Yeah, out of all the generative AI fields, voice generation at this point is like 95% there in its capability of producing convincing speech even with consumer level tech like ElevenLabs. That last 5% might not even be solvable currently, as it’s those moments it gets the feeling, intonation or pronunciation wrong when the only context you give it is a text input, which is why everything purely automated tends to fall apart quite fast.
They are, however, able to inaccurately summarize it in GLaDOS’s voice, which is a strong point in their favor.
Surely you’d need TTS for that one, too?
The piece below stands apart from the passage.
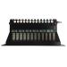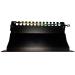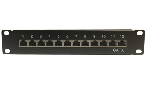 Patch panel osazený 12 porty s Cat.6, vhodný pro narážeč typu LSA. Vnitřní kryt patch panelu dovoluje manipulaci v malé skříni bez rizika vytáhnutí kabelu ze zářezového konektoru. Vyvazovací koncovky dovolují pevně přitáhnout kabelový vývod k panelu. Součástí zařízení je zemnící přívod a napojení stínění přímo na PCB.

Which one do you use, is it open weights?
Zonos just came out, seems sick:
https://huggingface.co/Zyphra
There are also some “native” tts LLMs like GLM 9B, which “capture” more information in the output than pure text input.
A website with zero information, and barely anything on their huggingface page. What’s exciting about this?
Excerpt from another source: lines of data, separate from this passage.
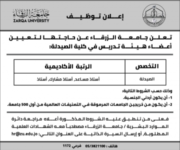 تــعــلــن جــامــعــــة الــزرقـــاء عــن حــاجــتــهـــا لــتــعــيــيــن
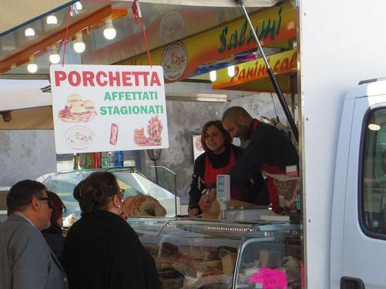気を取り直して、今日は、木曜日、Mercato(日本的には青空市場)なので、デル・ポポロに行ったら、土曜日なのでPorchetta(豚の丸焼き)をやっていました。
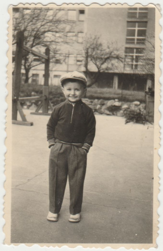 A szerző 4-5 évesen, a ház mögötti udvaron álló, fából ácsolt poroló mellett fényképezve. Háttérben a jelenlegi rendőr-főkapitányság épülete
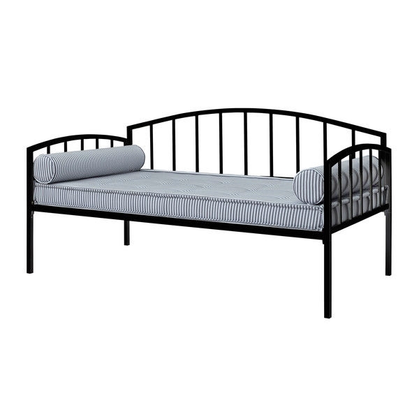 Perfect as a sofa or as a sleeper, this Twin size Modern Black Metal Daybed for Bedroom or Living Room is the perfect addition to any room setting. Its white metal frame and clean, curved design coordinates well with other pieces to best compliment any room décor. This versatile twin-size daybed offers extra seating and sleeps one comfortably. Sturdily constructed, the bed includes metal slats and supporting legs for added support and comfort. No box spring is required with this style of bed.
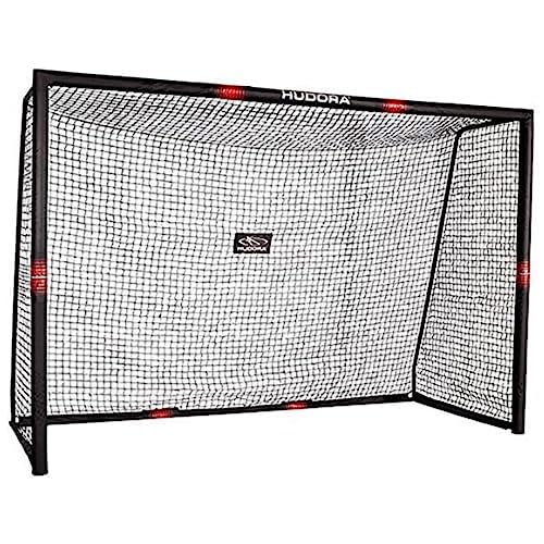 Qualità speciale: porta da calcio di alta qualità di Hudora con imbottitura in schiuma di colore nero/rosso fluo, per bambini e adulti

Ahh, you should link to the model
https://www.zyphra.com/post/beta-release-of-zonos-v0-1
Whoops, yeah, should have linked the blog.
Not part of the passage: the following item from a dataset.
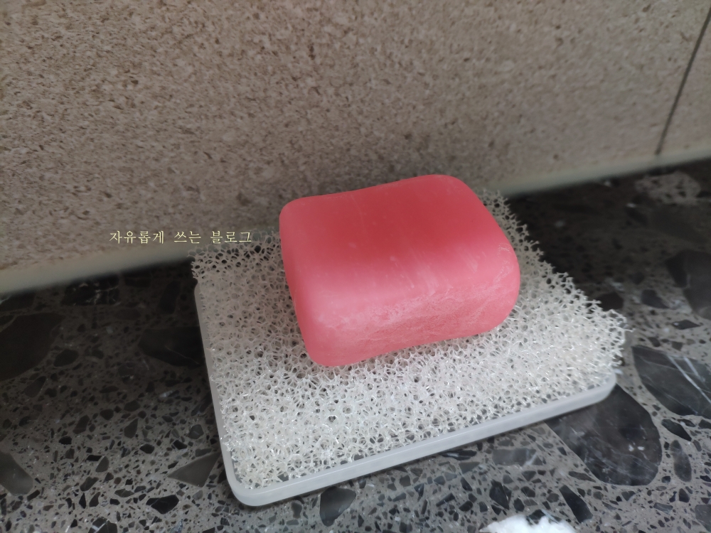 비누를 사용하고 툭, 올려놓으면 됩니다. 사용해보니 물이 정말 잘 빠져서 비누가 빨리 건조되는 느낌이에요.

I didn’t want to link the individual models because I’m not sure hybrid or pure transformers is better?
Looks pretty interesting, thanks for sharing it
Yeah, out of all the generative AI fields, voice generation at this point is like 95% there in its capability of producing convincing speech even with consumer level tech like ElevenLabs. That last 5% might not even be solvable currently, as it’s those moments it gets the feeling, intonation or pronunciation wrong when the only context you give it is a text input, which is why everything purely automated tends to fall apart quite fast.
Especially voice cloning - the DRG Cortana Mission Control mod is one of the examples I like to use.